Friday Book: The smartest man on Broadway
Friday 11 September 1998
BY MERYLE SECREST, BLOOMSBURY, pounds 17.99
A FUNNY thing happened to Stephen Sondheim on the way to manhood. He met Oscar Hammerstein, a family friend who also wrote the words to Oklahoma!: not a bad start for the leading composer-lyricist in musical theatre today. But, as Meryle Secrest points out, Hammerstein's encouragement was not the only intimation of musical immortality for young Stevie. His father taught him piano, and, by the time he had learnt to shave, Stephen was writing satirical songs.
A much more important factor was a privileged but emotionally barren childhood. In her compendium of Sondheim's life, Secrest starts off with his grandparents: eastern European Jews migrating to New York, surviving economic slumps, making dosh. Born in 1930, Sondheim was brought up in a swanky New York apartment, but had no brothers or sisters and, most of the time, no parents.
The biggest blow came when he was 10. His father traded his wife, the pretentious and vain Foxy, for a younger model, and Stevie was left with a mother who never got over the divorce. He is convinced that she used to flash her knickers and her cleavage at him. On this point, Secrest's bits of explanatory psychobabble are less revealing than her anecdotes of Sondheim's later "Don't touch me" attitude to women.

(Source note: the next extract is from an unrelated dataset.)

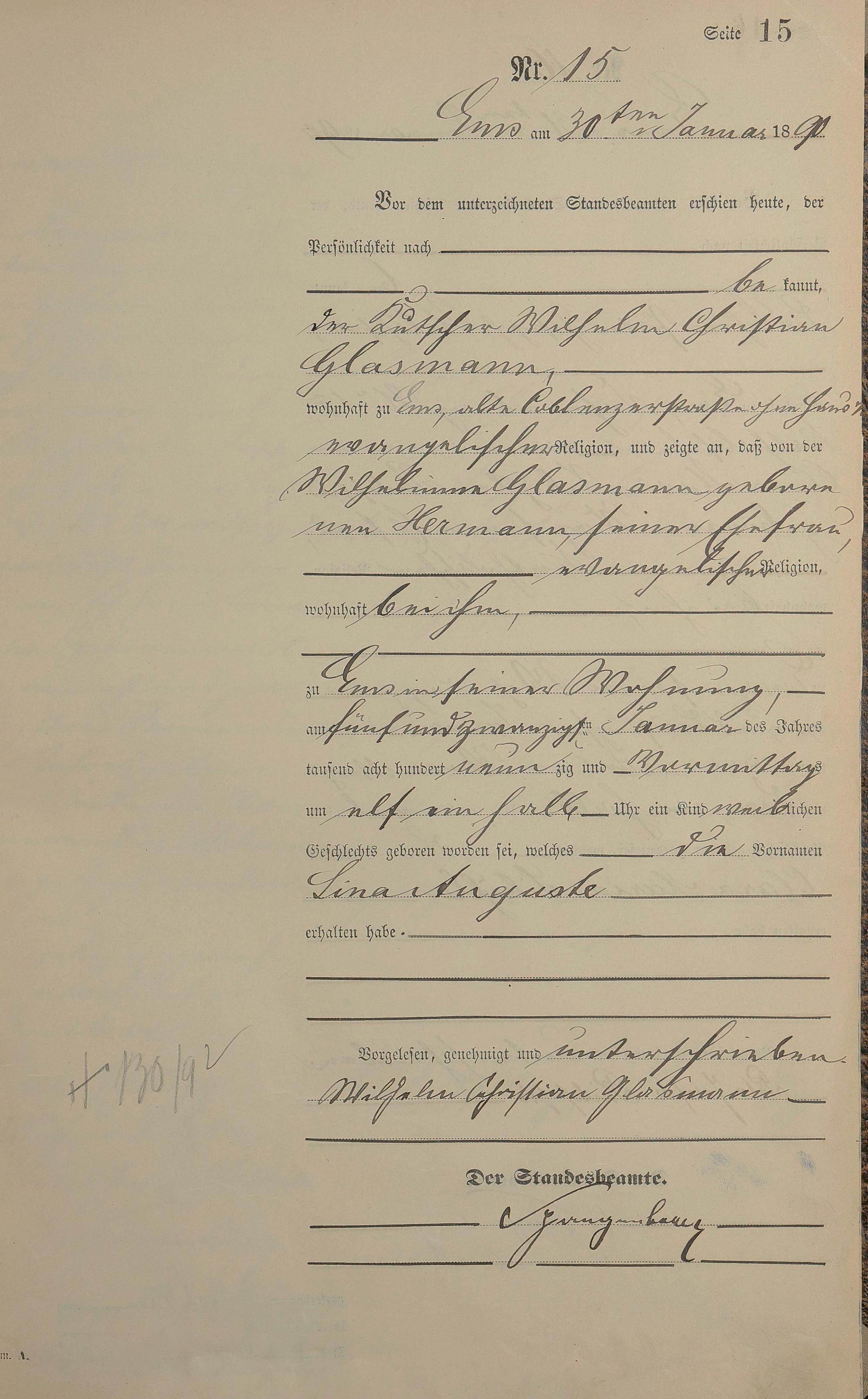 Geburtsregister 1890

Although, when told about his homosexuality, Princess Alexandra once called him "rather a sad man", Sondheim does not appear to have had many problems with his sexual, as opposed to his emotional, orientation. In a series of sensitive discussions with Secrest, he talks frankly about his feelings of remoteness as well as his romantic crushes.
Secrest thinks that Sondheim's turbulent relationship with Foxy explains his wary attitude to women, though it probably just explains his general fear of any kind of emotional exposure. When Sondheim fell deeply in love with Peter Jones, a much younger man, it was a year before he gave him his private telephone number. At this stage, Sondheim was no callow youth: he was in his sixties.

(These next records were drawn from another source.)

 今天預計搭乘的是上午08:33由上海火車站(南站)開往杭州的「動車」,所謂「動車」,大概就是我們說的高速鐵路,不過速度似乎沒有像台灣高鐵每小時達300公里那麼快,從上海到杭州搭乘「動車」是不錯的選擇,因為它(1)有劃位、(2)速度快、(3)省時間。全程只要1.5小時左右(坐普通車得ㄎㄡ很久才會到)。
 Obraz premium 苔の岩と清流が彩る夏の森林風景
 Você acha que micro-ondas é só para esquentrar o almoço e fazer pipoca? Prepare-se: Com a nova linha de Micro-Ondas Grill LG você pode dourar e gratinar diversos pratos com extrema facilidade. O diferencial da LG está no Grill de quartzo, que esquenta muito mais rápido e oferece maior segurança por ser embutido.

Clearly, Sondheim has been married to Mummy for his much of his life. Only once their relationship degenerated - when he was in his forties - did he make a decisive break with Foxy. Even then, it took a letter from her which said "The only regret I have in life is giving you birth" to provoke the split. Ever dutiful, he gave her $80,000 a year until she died in 1992, but he claims not to know where she is buried.

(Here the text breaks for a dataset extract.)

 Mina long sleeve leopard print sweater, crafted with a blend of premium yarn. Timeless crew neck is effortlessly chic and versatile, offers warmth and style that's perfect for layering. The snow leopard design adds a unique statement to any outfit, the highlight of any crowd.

A privileged childhood devoid of warmth, buffs might argue, helps if you want to write cool, satirical musicals. In Company, the lyrics of "The Little Things You Do Together" include "the children you destroy together" and "getting a divorce together". But other aspects of Sondheim's personality are equally important. In Sunday in the Park with George, the protagonist, the painter Georges Seurat, is shown as a rebel against artistic convention, sharing with his creator a fierce desire to break new ground. Sondheim's work depended as much on iron wit as on irony.
Not for him the schmaltz of traditional musicals, though his lyrics can be lush. Just think of "Someone in a Tree" from Pacific Overtures or "Tonight" from West Side Story. With a public persona that is suave and sophisticated, Sondheim has invariably attracted labels such as "smart" and "intellectual". But few writers have worked so hard at their talent. With painstaking detail, Secrest shows just how much perspiration went into his 800 songs.
After Sondheim met Hal Prince at a 1949 Rodgers and Hammerstein premiere, they created the concept musical - though Secrest has little to say about how culturally innovative this was. The wicked mix of parody and social comment in A Funny Thing Happened on the Way to the Forum, Follies, Sweeney Todd, A Little Night Music, and Assassins does not escape her, but her commentary on creativity can seem a bit trite.
Behind the mask of urbane artistry, Secrest reveals an unhappy man. Colleagues call him "surly", "bitter" and "aloof" - and perhaps other things that cannot be printed. He used to drink heavily, though his drug-taking (pot, LSD and coke) was more discreet and controlled than his temper and his tears. Predictably, success made him quite the poor little rich boy
Based on solid research and extensive conversations with Sondheim, his family, friends and lovers, this is the best book about his life so far. Some of the anecdotes may be familiar, but - with its scores of telling photographs - this is an amusing and readable account of the man and his work. Odd to think that Sondheim, a 68-year-old master musician, still can't whistle. His 1964 flop, Anyone Can Whistle, gives us a clue as to why. The heroine is unable to whistle because she won't "lower my guard" and "learn to be free". Come on, Stephen: there's still time to learn.